Guest columnist
As UNC's use of coal on campus at its cogeneration facility has come under increased scrutiny, recent findings now show that UNC's coal is sourced at coal mines that are destroying the mountains and jeopardizing the health of the people of Appalachian Virginia, including one mine in particular that uses mountaintop removal mining methods.
Mountaintop removal mining is just what it sounds like -- it consists of blowing off the top 500 to 800 feet of mountains with explosives to gain access to coal seams, and then dumping the waste from these blasts into valleys.
This practice has damaged or destroyed nearly 2,000 miles of streams and threatens to destroy 1.4 million acres of land by 2020. The mining poisons drinking water, lays waste to wildlife habitat and greatly increases the risk of flooding.
UNC has made an outward effort to avoid purchasing coal extracted using mountaintop removal methods.

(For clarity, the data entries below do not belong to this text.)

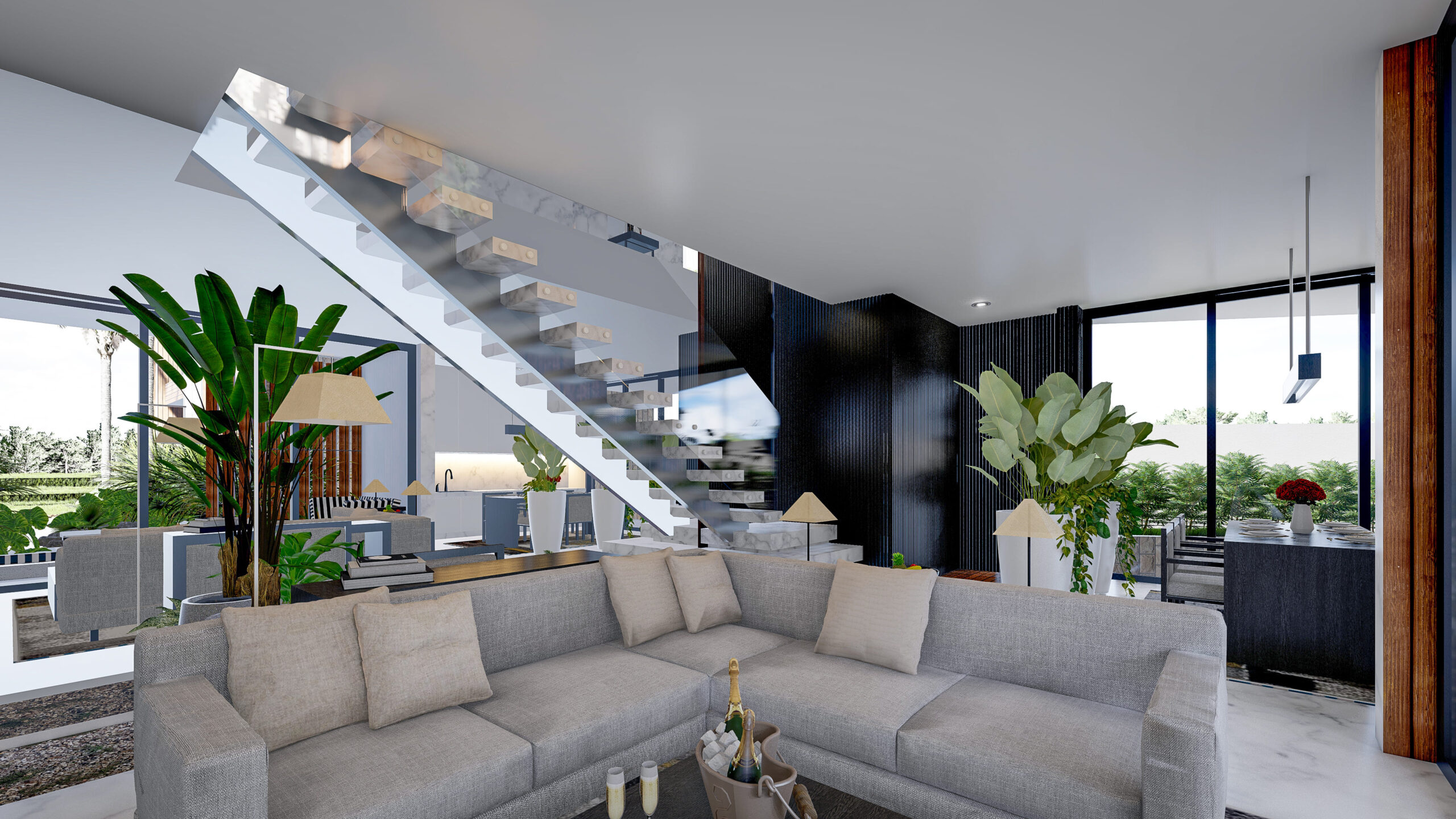 - Fully Furnished: The villa is fully furnished, complete with a modern equipped kitchen and a living area featuring floor-to-ceiling sliding windows that blend indoor and outdoor spaces seamlessly.
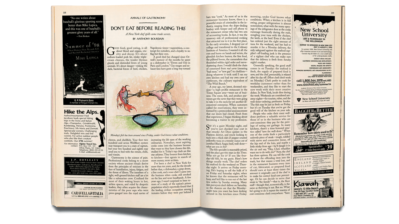 El elaborado pasaje de Bourdain que explica por qué esto era cierto se publicó por primera vez en El neoyorquinoen el ensayo de 1999 “No comas antes de leer esto”, que rápidamente amplió en “Kitchen Confidential”. (La respuesta corta fue que “muchos proveedores de pescado no realizan entregas los sábados, por lo que es probable que el atún que desea el lunes por la noche haya estado en la cocina desde el viernes por la mañana, en Dios sabe qué condiciones”; la respuesta larga lo sumergió en la cultura y la psicología de la industria de los restaurantes). Lo escribió, originalmente, para un semanario alternativo llamado Nueva York. Prensaquien lo había planeado como portada antes de que el editor lo cancelara en el último minuto. Bourdain imaginó que su público sería insular y pequeño: “Pensé que iba a escribir algo que entretendría a otros cocineros, tal vez ganaría cien dólares y mi cocinero pensaría que era divertido”, recordó en 2017, durante una aparición en el New Yorker Festival. Cuando se publicó el artículo. El neoyorquino—después de que la madre de Bourdain le sugiriera a un neoyorquino Veces su colega Esther Fein, que el marido de Fein, David Remnick, el nuevo editor de la revista, podría querer echarle un vistazo: “Transformó mi vida en dos días”, dijo.
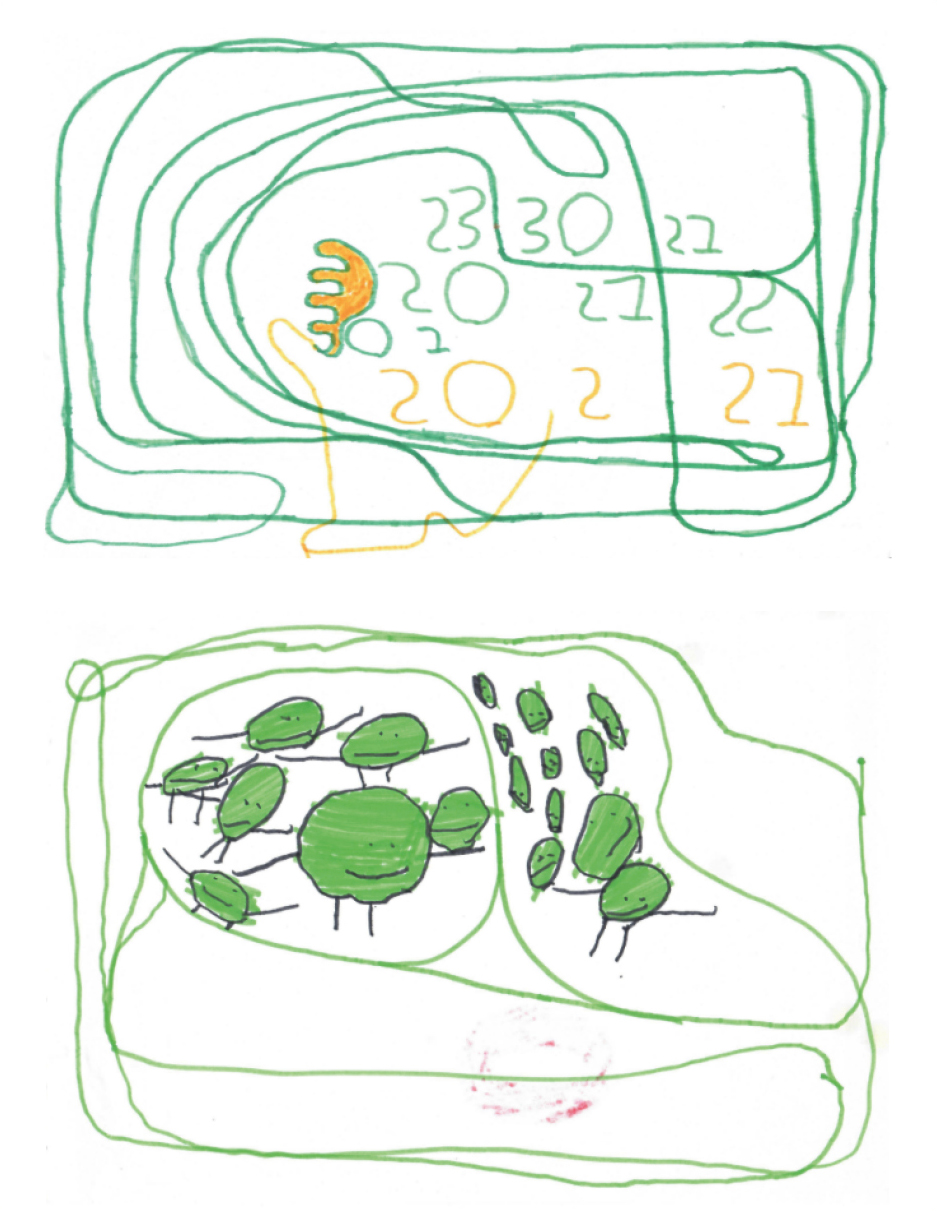 A few months after the start of the therapy, the child’s vocabulary had expanded significantly, a simple phrase had appeared, and speech had begun to be communicative. But the most noticeable result was observed in the emotional dimension and behavior: the child became much calmer, aggression and affective outbursts disappeared, which made it possible to completely discontinue neuroleptics. The dramatic development of cognitive functions was reflected in the child’s drawings (Figures 3, 4). Before therapy, the patient’s drawings had been monotonous and non-objective. Thanks to the development of attention, perception, and fine motor skills, the child began to develop reading and writing skills.
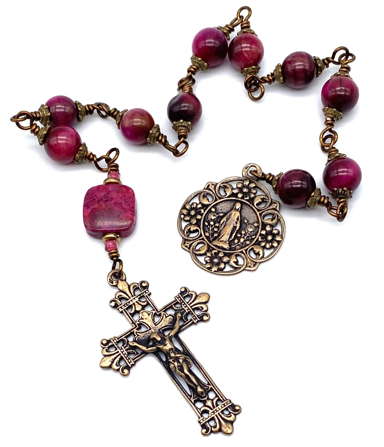 Fuchsia Tiger Eye Gemstone Wire Wrapped Catholic Heirloom Tenner Rosary
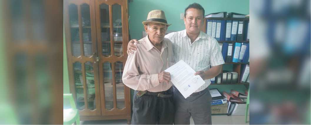 Juan García del Águila Exalcalde y exregidor del distrito de Sauce, natural y residente en el mismo distrito, el día de ayer en horas de la mañana en una reunión en la Oficina de Alcaldía, donde estuvo presente el alcalde Jorge del Águila Vela, juntamente con su plana de Regidores, para escuchar con respecto a su visita, donde dijo que entrega a la municipalidad Distrital de Sauce 100 metros cuadrados de terreno para la captación de agua y 100 m2 para el reservorio de agua.
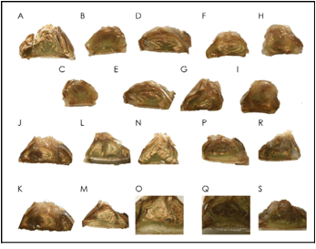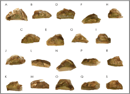 Las imágenes del corte longitudinal de las yemas expuestas a PVS2 y crioconservadas se muestran en la figura 2. Se observó un ligero oscurecimiento en los tejidos después de 30 min de contacto con la solución crioprotectora PVS2 (figura 2 [A]). De igual forma, se detectó un incremento en el daño (enturbiamiento del tejido meristemático) de las yemas conforme aumenta el tiempo de incubación. Por otra parte, en las imágenes después de PVS2 y una hora en NL (figura 2 [C, E, G I, K, M, O, Q y S]) aumentó el oscurecimiento o afectación en las yemas, se expresa con mayor intensidad en tiempos de mayor exposición (300 y 420 min) (figura 2 [Q y S]). Este comportamiento concuerda con los bajos niveles (<10%) de viabilidad observados en las yemas expuestas a PVS2 y una hora en NL (figura 1 [A]).
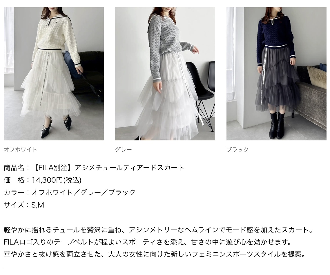 セーラーカラーやチュールスカートなどフェミニンな要素を引き立てるディテールに、FILAらしいロゴ使いやスポーティな配色をMIXしました。
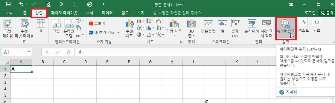 링크를 설정하려는 셀을 선택하고 [삽입] 탭 - [하이퍼링크]를 선택합니다.
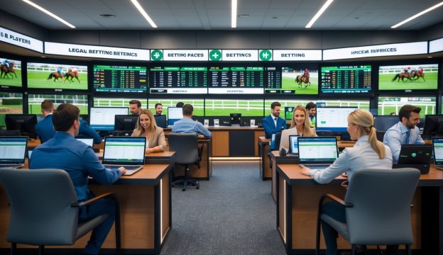 Suasana kantor taruhan balap kuda resmi dengan pemain profesional yang sedang menganalisis dan memasang taruhan menggunakan perangkat elektronik.
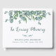 Eucalyptus Memorial Sympathy Funeral Guest Book. Este livro de hóspedes fúnebre apresenta um eucalipto verde moderno, nome e datas, num design branco. Personalize a coluna com mensagem e nome. Este moderno e elegante livro de convidados botânicos é um perfeito guardião para o memorial, celebração da vida e funeral. COPYRIGHT © 2020 Judy Burrows, Black Dog Art - Todos Os Direitos Reservados. No Loving Memory Eucalyptus Memorial Funeral Guest Book
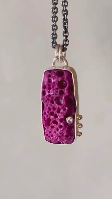 Beautiful unique ruby is bezel-set in sterling silver and accented with a small pink moissanite. The side is adorned with 18k gold ball details.
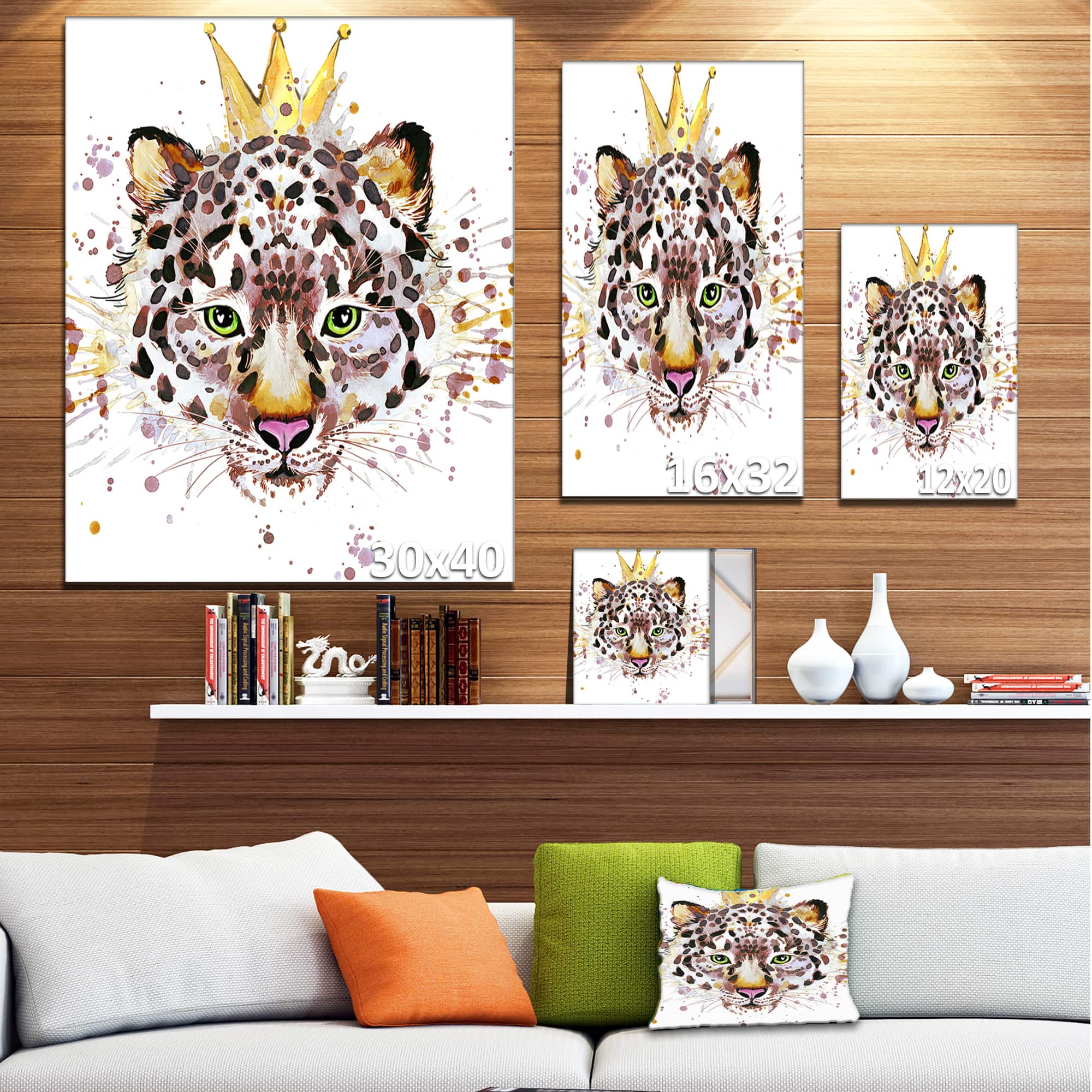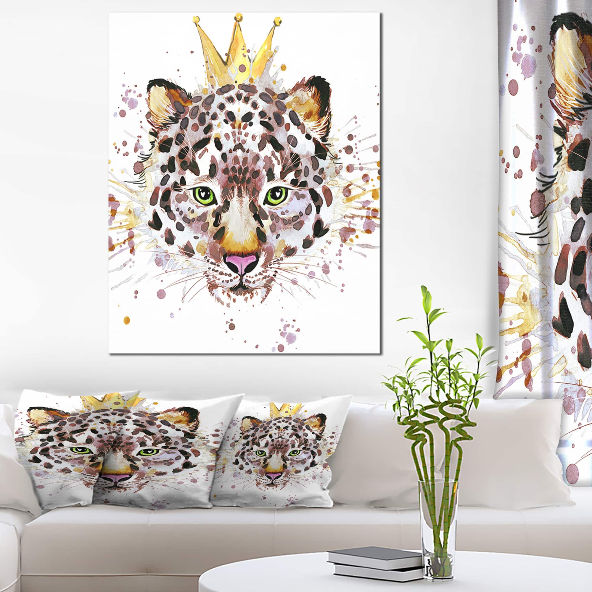 Designart - Leopard Head with Golden Crown - Contemporary Animal Art Canvas
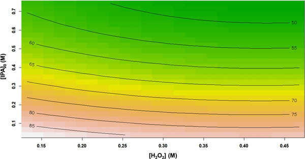 圖2顯示了總有機(jī)碳去除效率百分?jǐn)?shù)與H 2 O 2濃度和初始異丙醇濃度的關(guān)系。從響應(yīng)輪廓中可以看出,將異丙醇初始濃度從0.038 M增加到0.743 M,導(dǎo)致TOC去除率從85.17%急劇降低到46.29%?赡苁且?yàn)樵谙嗤膽?yīng)用反應(yīng)條件下,自由基(OH•)的數(shù)量保持恒定,而初始異丙醇濃度卻增加了。換句話說,相對(duì)較少量的氧化基團(tuán)可用于攻擊異丙醇分子。類似地,總有機(jī)碳降解性能也隨著H 2 O 2濃度的增加而逐漸降低。過量的H 2 O 2可能促進(jìn)自動(dòng)清除反應(yīng)的發(fā)生。
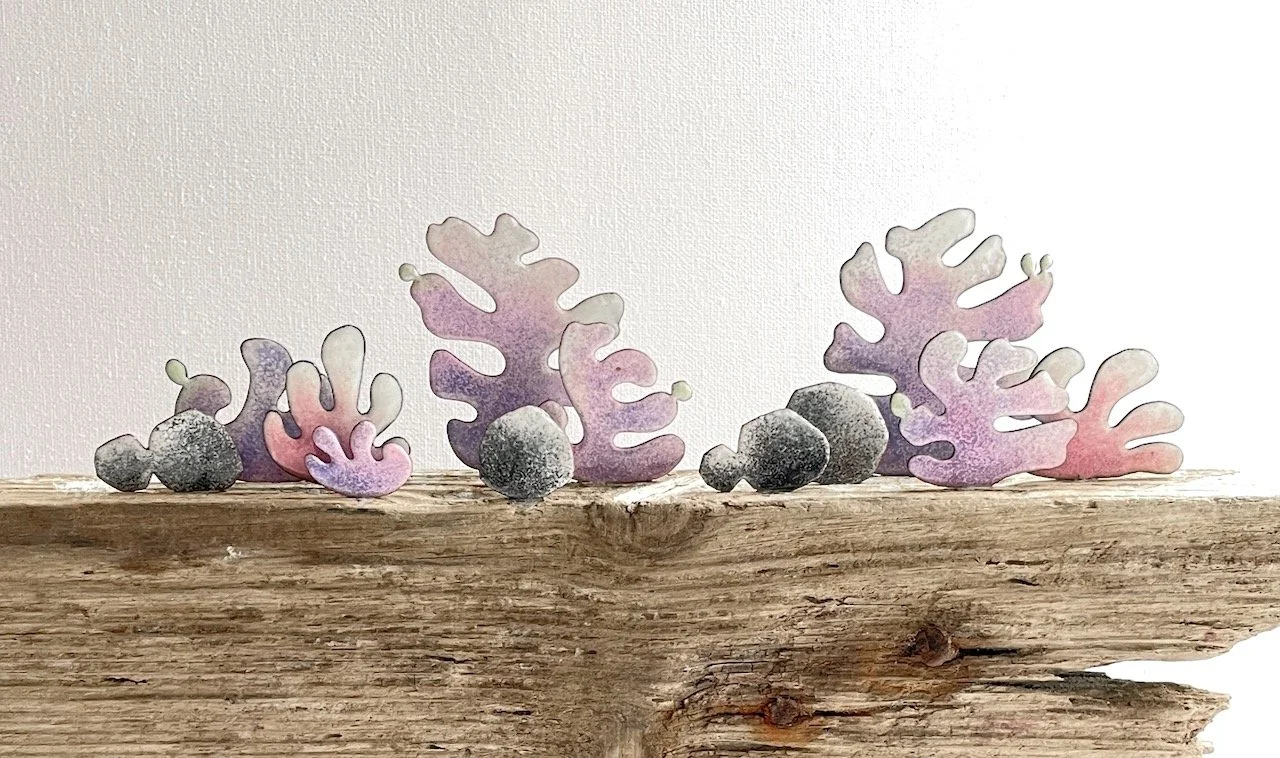 Nach dem Emaillieren arrangiere ich die einzelnen Elemente zu kleinen Gruppen auf Sockeln aus Fundholz, das ich auf meinen Streifzügen sammele.
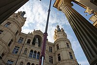 Sommerpause im Parlament - aber keine Pause bei den Bauarbeiten am Schweriner Schloss. Die Fassadensanierung im Innenhof geht zügig voran. So ist das Dach des Burggartenflügels auf der Innenhofseite…
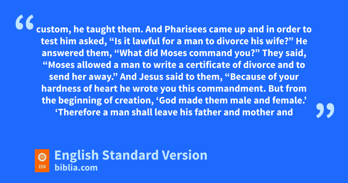 2 And Pharisees came up and in order bto test him asked, c“Is it lawful for a man to divorce his wife?” 3 He answered them, “What did Moses command you?” 4 They said, d“Moses allowed a man to write a certificate of divorce and to send her away.” 5 And Jesus said to them, “Because of your ehardness of heart he wrote you this commandment. 6 But ffrom the beginning of creation, ‘God made them gmale and female.’ 7 h‘Therefore a man shall leave his father and mother and hold fast to his wife,1 8 and ithe two shall become one flesh.’ So they are no longer two but one flesh. 9 jWhat therefore God has joined together, let not man separate.”
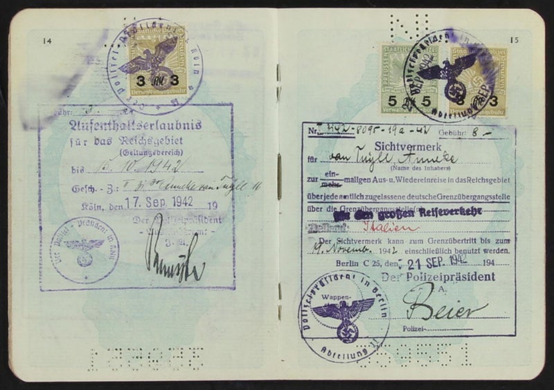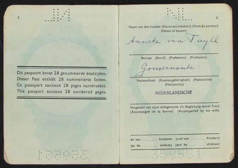 Paspoort van Helene (Hellen) Louise Ten Cate Brouwer onder de naam Anneke van Tuyll, een van haar schuilnamen.

In his Op-Ed in The Herald-Sun (Sept. 26, "Why UNC Has (cling,clang, sss) steam heat"), Chancellor Holden Thorp wrote that the "coal that we purchase is not mined from mountaintops, according to our suppliers. (Most of the coal is deep mined, but a small portion is from surface mines.)"
But the trail of public records seems to indicate otherwise. As journalist Joe Schwartz of The Independent Weekly (Feb. 17, "Fact-checking UNC's coal claims") discovered, UNC purchased more than 106,000 tons of coal between 2007 and 2009 at a price of $8.4 million from the Red River Coal Company's Red River mine near Norton, Va.
The Red River Coal Company states that they employ "contour" and "ridge top" mining methods at the Red River Mine.
This is a clear example of coal companies playing semantics. Satellite images of the Red River Mine offer a disturbing picture of mountains that have been leveled to moonscapes. How could this not be mountaintop removal?
The heartbreaking images of forested ridges demolished into desert plains represent what Austin Hall of Appalachian Voices referred to as "beyond a shadow of a doubt, mountaintop removal mining."
Other methods of mining coal have their environmental and social impacts as well. Hills Fuel Company, another company that UNC purchases its coal from, operates an underground mine near the town of Appalachia, Va., using deep mining. This coal is loaded onto trucks at the Crossbrook loading point that then drive along the Roda Road.
A thorough study done by N.C. State professor Viney P. Aneja has shown that coal dust containing dangerous toxic chemicals like arsenic, mercury and lead flies off of these trucks along Roda Road, producing dust levels more than three times higher than federal air quality standards.
The bottom line is that the coal business is dirty business. The coal industry has long enjoyed remarkable financial profits at the expense of the people, mountains and rivers of Appalachia.
UNC is a leading public university that has set a higher standard for environmental stewardship and concern for public welfare than this. Now that the light has been shed on UNC's link to destructive mining practices, Carolina has a responsibility to disassociate itself from these dirty coal companies.
Furthermore, a move to stop burning coal would also benefit the campus and the community of Chapel Hill. From start to finish, coal is too dirty for a university of UNC's caliber. Better to leave the mountains intact and the coal in the ground, where dangerous heavy metals belong -- not in the air we breathe and the water we drink.
Students, faculty, and community members are calling on the university to stop externalizing the environmental and public health costs of coal use onto local residents of Chapel Hill and the communities of central Appalachia.
Carolina must now live up to the excellent standards it has already set for itself by recognizing that the desire for cheap energy cannot outweigh the environmental and social injustices that UNC is linked to because of the impacts of coal mining.
Stewart Boss is coordinator for the Coal-Free UNC Campaign and a member of the UNC Chapel Hill Class of 2013.